Contrary to the prevailing view, imports are not a “leakage” of demand abroad. In the annual U.S. balance of payments, all transactions balance. The net outflow of dollars to purchase imports over exports are offset each year by a net inflow of foreign capital to purchase U.S. assets. This capital surplus stimulates the U.S. economy while boosting our productive capacity.

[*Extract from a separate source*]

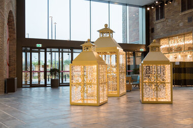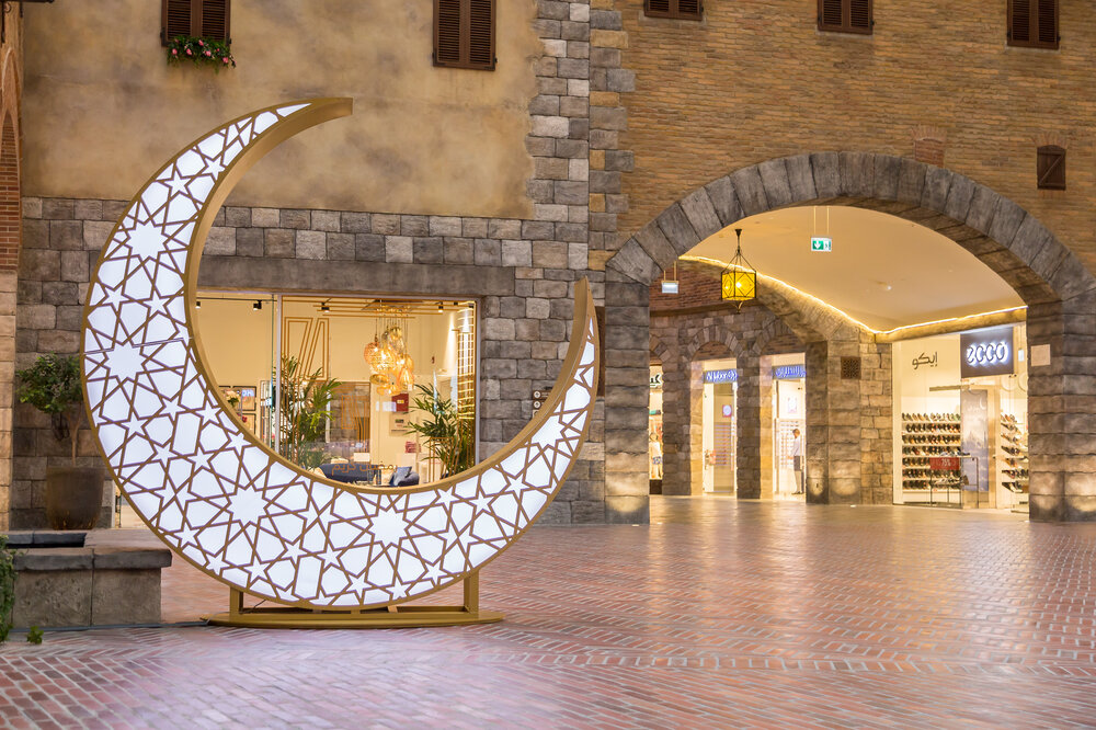 As visitors entered the Outlet Village during Ramadan, they were greeted by giant fanous (lanterns) twinkling with light. The lanterns were painted in gold to create a stunning effect day and night.
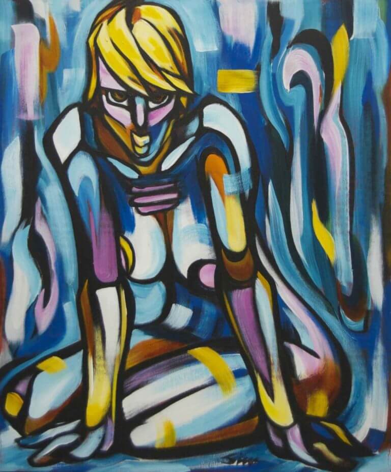 Une autre des 3 toiles qui a déclenché la série des Nus. Une autre toile dont le titre m’est venu après. Plus je le regardait, plus le titre de la chanson d’AC/DC, Shook me all night long, devenait une évidence pour cette toile. C’est peut-être provocateur comme toile et titre, mais c’est aussi pour représenter l’effet qu’une autre personne peut avoir sur soi ainsi reconnaître ce côté en nous qui nous rend excité et vulnérable à la fois.

An examination of the past 30 years of U.S. economic performance offers no evidence that a rising level of imports or growing trade deficits have negatively affected the U.S. economy. In fact, since 1980, the U.S. economy has grown more than three times faster during periods when the trade deficit was expanding as a share of GDP compared to periods when it was contracting. Stock market appreciation, manufacturing output, and job growth were all significantly more robust during periods of expanding imports and trade deficits.
https://www.aei.org/publication/another-name-for-trade-deficit-is-capital-account-surplus-balance-of-payments-always-0/As a direct consequence of our current account deficits, the U.S. economy has been the beneficiary of more than $8 trillion worth of capital inflows from foreigners since 1980. Because the Balance of Payment accounts are based on double-entry bookkeeping, the annual current account and capital account have to net to zero, so that any current account (trade) deficit (surplus) is offset one-to-one by a capital account surplus (deficit) and the balance of payments therefore always nets out to (equals) zero. And that’s why it’s called the “balance” of payments, because once we account for trade flows and capital flows, everything balances, and there are no deficits or surpluses on a net basis.
if you want to decry the lack of manufacturing jobs available in the us, then blame robots, not china. china has very little to do with it. manufacturing output continues to increase in the us. that jobs don't keep up with the increase is a function of the increased output of workers, not trade policy:
http://conexus.cberdata.org/files/MfgReality.pdfwhat ultimately disappoints me is not that trump couldn't pass a macro final or whatever. i couldn't, and i can't pretend to understand how our economy works. but it really didn't take me that long to find a slew of experts in economics all saying "uh, you know current account deficits are actually fine, and if anything they only happen because our economy is so fucking rad to maxxxxxxxx." if there are economic experts out there who agree with trump's characterization of our economic relationship with china, i'm struggling to find them.
oh look another obnoxiously long gg post. neat.